I really can’t overstate how significant this little decorator is to my coding practice. In early versions of fastai we used kwargs frequently for delegation, because we wanted to ensure my code was as simple as possible to write (otherwise I tend to make a lot of mistakes!) We used it not just for delegating __init__ to the parent, but also for standard functions, similar to how it’s used in matplotlib’s plot function. However, as fastai got more popular, I heard more and more feedback along the lines of “I love everything about fastai, except I hate dealing with kwargs”! And I totally empathized; indeed, dealing with ... in R APIs and kwargs in Python APIs has been a regular pain-point for me too. But here I was, inflicting it on my users! 😯

I am, of course, not the first person to have dealt with this. The Use and Abuse of Keyword Arguments in Python is a thoughtful article which concludes “So it’s readability vs extensibility. I tend to argue for readability over extensibility, and that’s what I’ll do here: for the love of whatever deity/ies you believe in, use **kwargs sparingly and document their use when you do”. This is what we ended up doing in fastai too. Last year Sylvain spent a pleasant (!) afternoon removing every kwargs he could and replaced it with explicit parameter lists. And of course now we get the occassional bug resulting from one of us failing to update parameter defaults in all functions…

But now that’s all in the past. We can use **kwargs again, and have the simpler and more reliable code thanks to DRY, and also a great experience for developers. 🎈 And the basic functionality of delegates() is just a few lines of code (source at bottom of article).

Solving the problem with delegated composition

For an alternative solution, let’s look again at the composition approach:

class ProductPage:
    def __init__(self, page, price, cost): self.page,self.price,self.cost = page,price,cost

page = WebPage('Soap', category='Bathroom', author="Sylvain")
p = ProductPage(page, 15.0, 10.50)
p.page.author
'Sylvain'

How do we make it so we can just write p.author, instead of p.page.author. It turns out that Python has a great solution to this: just override __getattr__, which is called automatically any time an unknown attribute is requested:

class ProductPage:
    def __init__(self, page, price, cost): self.page,self.price,self.cost = page,price,cost
    def __getattr__(self, k): return getattr(self.page,k)

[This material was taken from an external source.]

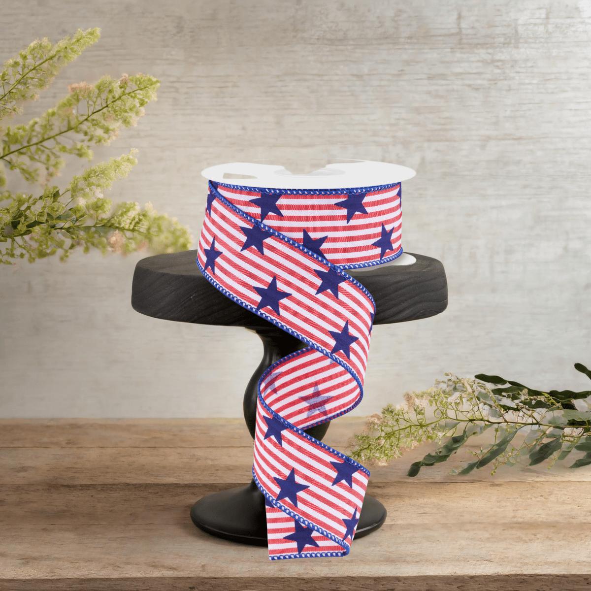 Shoot for the stars with your next display with this marvelous 1.5" Stars On Woven Stripe: Navy Blue (10 Yards)! This ribbon features a wired edge, with a patriotic star pattern set against a red and white striped background, making it a versatile addition to any display you see fit! Pair it with some holiday-themed sprays, or a decorative sign to set it over the top! Perfect for creating a unique and whimsical Patriotic or Sports display. RGF1034W7

p = ProductPage(page, 15.0, 10.50)
p.author
'Sylvain'

That’s a good start. But we have a couple of problems. The first is that we’ve lost our tab-completion again… But we can fix it! Python calls __dir__ to figure out what attributes are provided by an object, so we can override it and list the attributes in self.page as well.

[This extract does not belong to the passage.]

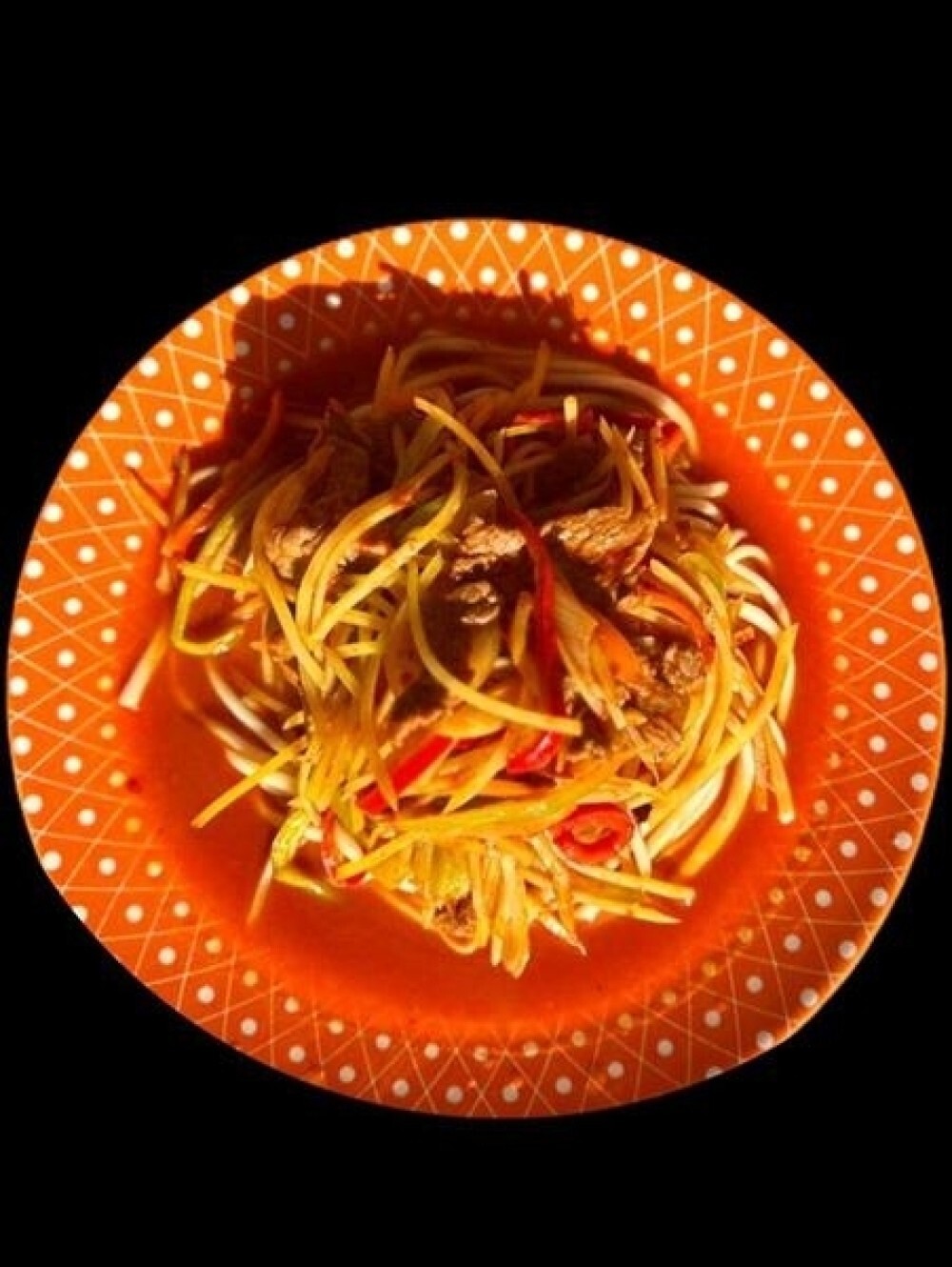Тудысыр Лагман — лагман с маринованной говядиной и картофелем, нарезанным соломкой, обжаренный с полугорьким перцем, свежим чесноком, лапизой и томатной пастой в соусе хаджо на тесте для лагмана.

The second problem is that we often want to control which attributes are forwarded to the composed object. Having anything and everything forwarded could lead to unexpected bugs. So we should consider providing a list of forwarded attributes, and use that in both __getattr__ and __dir__.

I’ve created a simple base class called GetAttr that fixes both of these issues. You just have to set the default property in your object to the attribute you wish to delegate to, and everything else is automatic! You can also optionally set the _xtra attribute to a string list containing the names of attributes you wish to forward (it defaults to every attribute in default, except those whose name starts with _).

class ProductPage(GetAttr):
    def __init__(self, page, price, cost):
        self.page,self.price,self.cost = page,price,cost
        self.default = page

p = ProductPage(page, 15.0, 10.50)
p.author
'Sylvain'

Here’s the attributes you’ll see in tab completion:

[o for o in dir(p) if not o.startswith('_')]
['author', 'category', 'cost', 'date', 'default', 'page', 'price', 'title']

So now we have two really nice ways of handling delegation; which you choose will depend on the details of the problem you’re solving. If you’ll be using the composed object in a few different places, the composition approach will probably be best. If you’re adding some functionality to an existing class, delegated inheritance might result in a cleaner API for your class users.

See the end of this post for the source of GetAttr and delegates.

Making delegation work for you

Now that you have this tool in your toolbox, how are you going to use it?

I’ve recently started using it in many of my classes and functions. Most of my classes are building on the functionality of other classes, either my own, or from another module, so I often use composition or inheritance. When I do so, I normally like to make available the full functionality of the original class available too. By using GetAttr and delegates I don’t need to make any compromises between maintainability, readability, and usability!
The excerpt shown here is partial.